'''

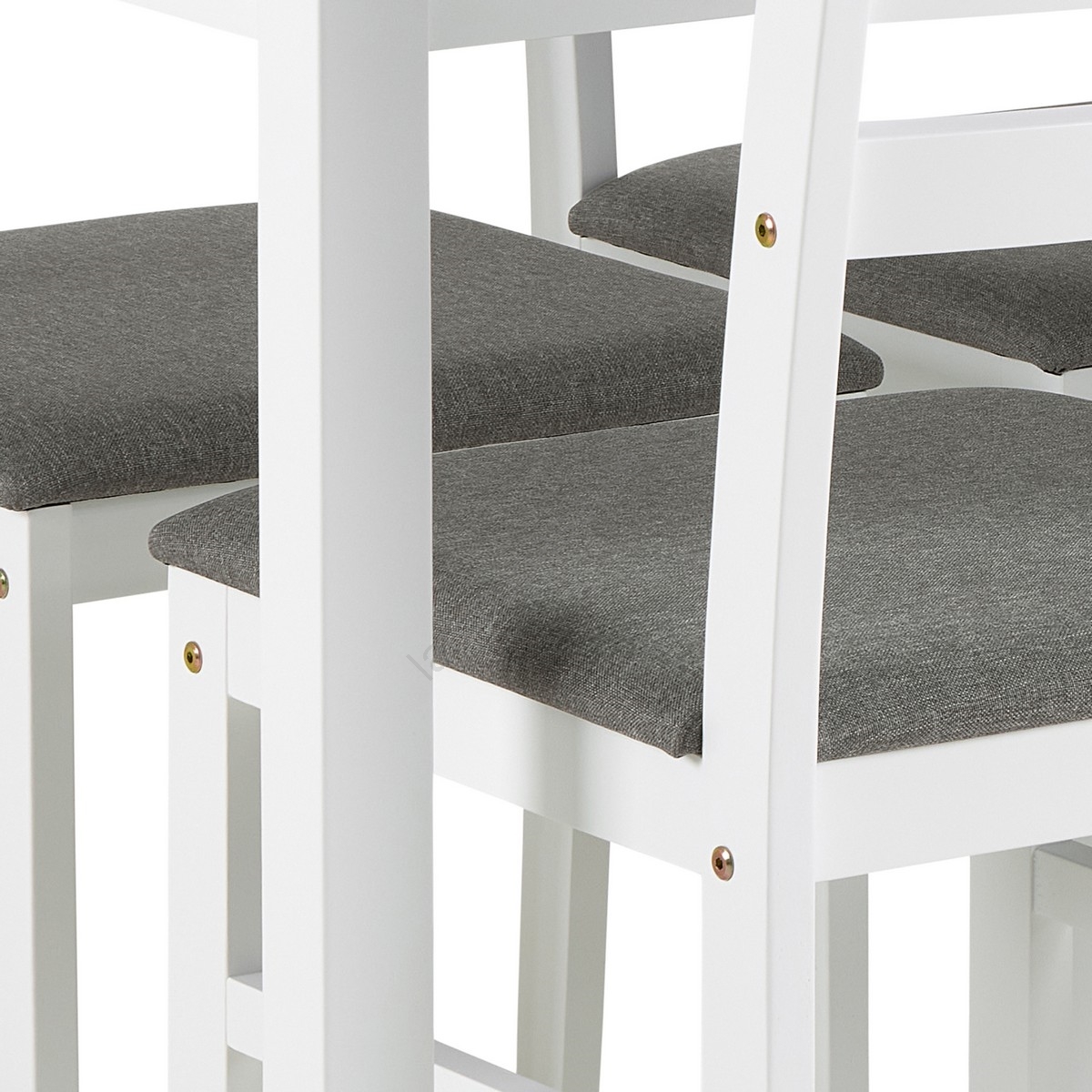 • Sastāv no taisnstūra ēdamgalda un 4 atbilstošiem krēsliem ar polsterētām gaiši pelēkām sēdvietām, viss izgatavots no masīvkoka baltā apdarē.
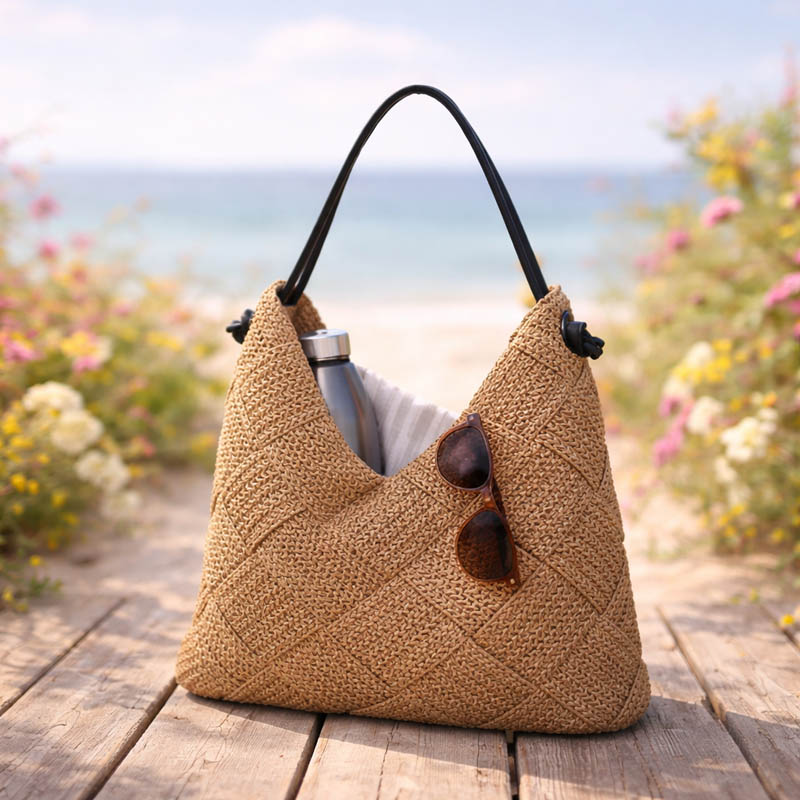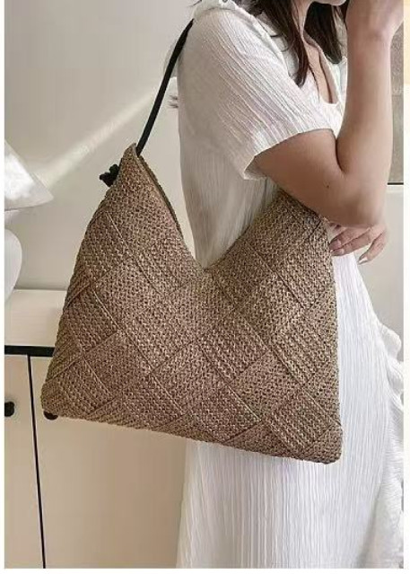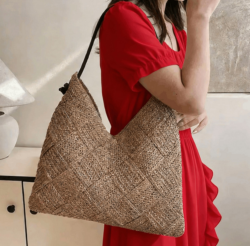 Стильная плетёная сумка с мягкой формой и выразительной фактурой.
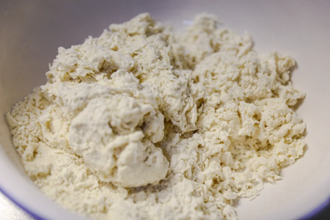 500克高筋面粉加入5克食盐,1克食用碱面,充分搅拌均匀之后,260克的清水少量多次加入面粉中,慢慢和成面团。
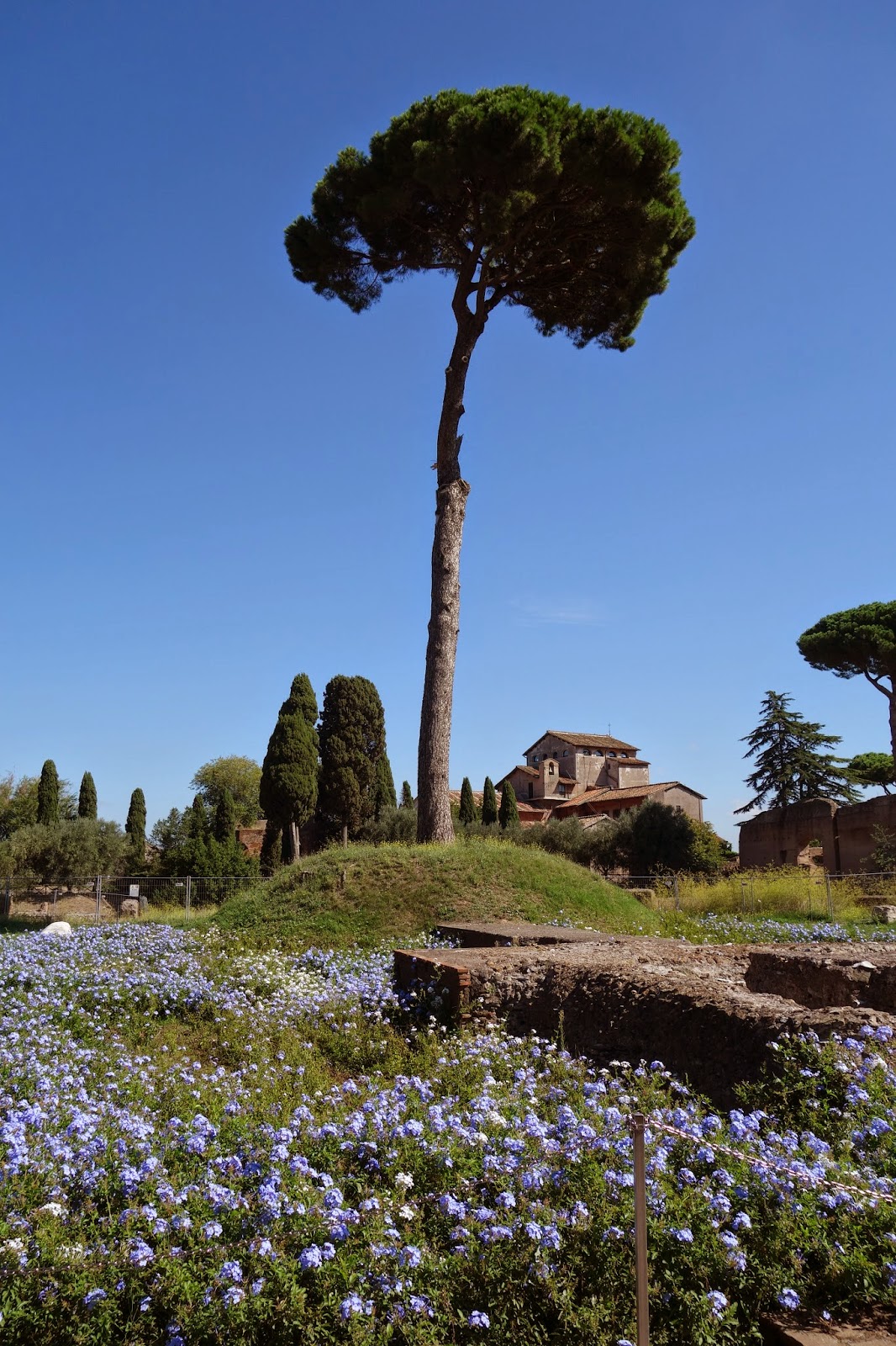 The sky is a brilliant blue and the umbrella pines are a deep and dark green.
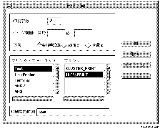 Printウィジェットはグラフィック・インターフェイスを使用して,各種の印刷オプションについてユーザに入力を促すため, ユーザはUNIXのprint コマンドあるいはOpenVMSのPRINTコマンドの構文を知らなくてもファイルを印刷できます。 さらに,PrintウィジェットはOpenVMS論理名を使用して, 利用できるプリント・キューを決定して表示するため,ユーザは特定のOpenVMS システム上でのプリント・キューについての知識を必要としません。
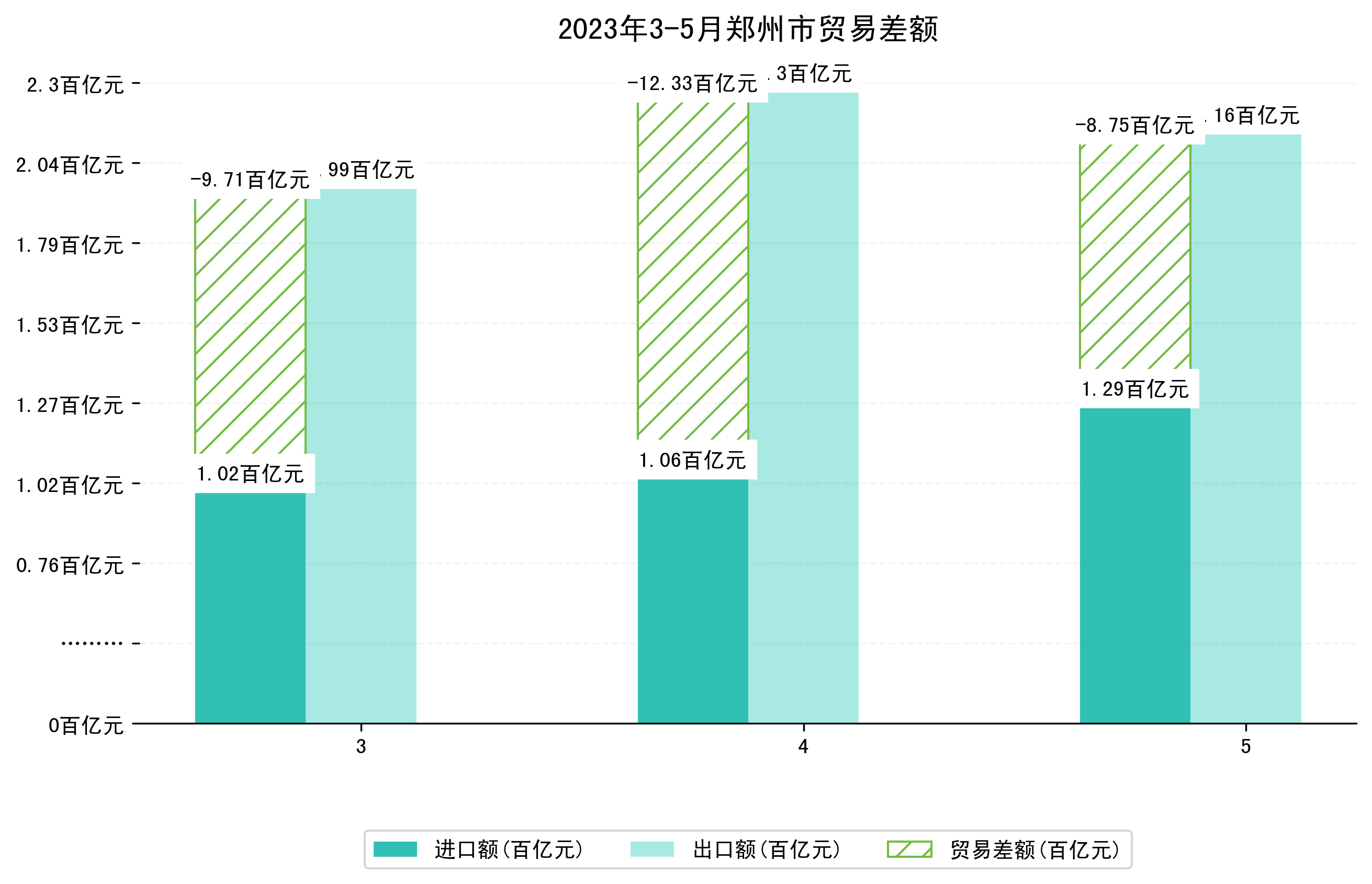 一、2023年5月郑州市单月出口总额及进出口差额统计分析

'''

_About this exercise_.
Starting at the line that contains "The sky is a", return every line through the end of the records above exactly as written, and return no pictures.

_Exercise answer_.
 The sky is a brilliant blue and the umbrella pines are a deep and dark green.
 Printウィジェットはグラフィック・インターフェイスを使用して,各種の印刷オプションについてユーザに入力を促すため, ユーザはUNIXのprint コマンドあるいはOpenVMSのPRINTコマンドの構文を知らなくてもファイルを印刷できます。 さらに,PrintウィジェットはOpenVMS論理名を使用して, 利用できるプリント・キューを決定して表示するため,ユーザは特定のOpenVMS システム上でのプリント・キューについての知識を必要としません。
 一、2023年5月郑州市单月出口总额及进出口差额统计分析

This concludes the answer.